Nigeria’s Cocoa Crop Shows High Mold Levels

(Bloomberg) -- Initial harvests of Nigeria’s main-crop cocoa arriving at ports and warehouses show high levels of mold in the major producing southwest region due to a prolonged wet season, according to commodities inspection agents and buyers.

Cocoa beans inspected in a sample of warehouses in the region are showing mold in the range of 18 percent to 24 percent, compared with a maximum of 4 percent required by the International Cocoa Organization, Remi Adebayo, managing director of Lagos-based D. Clay Inspection Ltd., said by phone on Monday. Between 500 metric tons and 750 tons of cocoa are coming weekly into Lagos, where the main ports are located, he said.

Beans from the southeast show lower mold levels of between 9 percent and 12 percent, according to Adebayo.

Persistent rains since July in the country’s southern cocoa-growing belt, apart from fostering mold in the beans due to inadequate sunshine to dry them, also encouraged the rapid spread of the fungal black pod disease that causes pods to shrink and trees to wither. Many farms were also washed away by floods.

Insufficient Sunshine

“We kept the harvested beans under storage without the heat that good fermentation requires and the sunshine for proper drying,” Mershack Ojetola, a licensed buying agent, said by phone from the southwestern town of Modakeke, explaining why his beans recorded a high rate of mold.

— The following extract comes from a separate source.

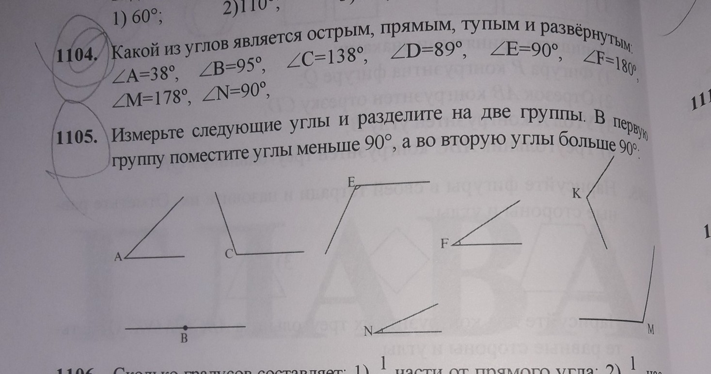 Первая группа (углы меньше 90 градусов) : A, F, N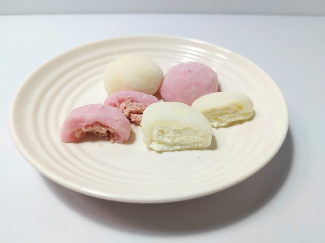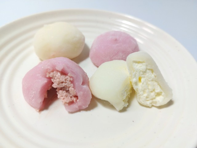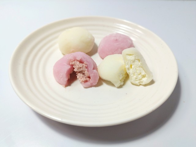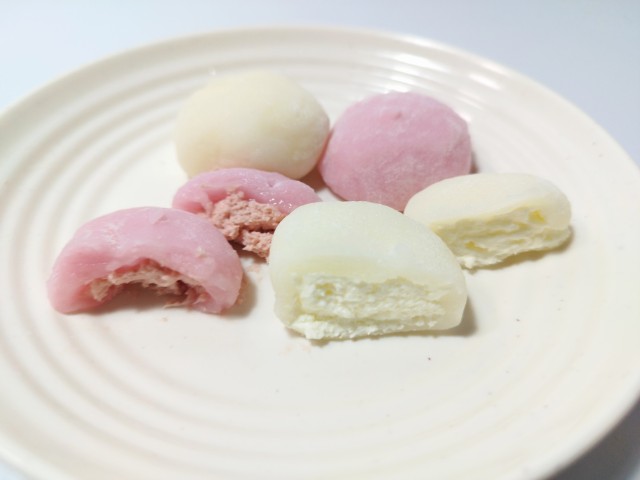 いちご果肉入りのいちごクリームを包んだピンク色の大福と、練乳みるくクリームを包んだ白い大福が入った商品です。

Nigeria currently ranks joint fifth with neighboring Cameroon among the world’s biggest cocoa producers, with the International Cocoa Organization estimating its 2017-18 output at 240,000 tons. The local cocoa association estimates that production will be little changed in the 2018-19 season due to start in October.

The West African country has two cocoa seasons comprising the smaller midcrop running from April to June, and the main crop from October to December, which accounts for about 70 percent of output. Cocoa was down 0.1 percent at $2,233 per ton as of 1:58 p.m. in London for Dec. 18 deliveries.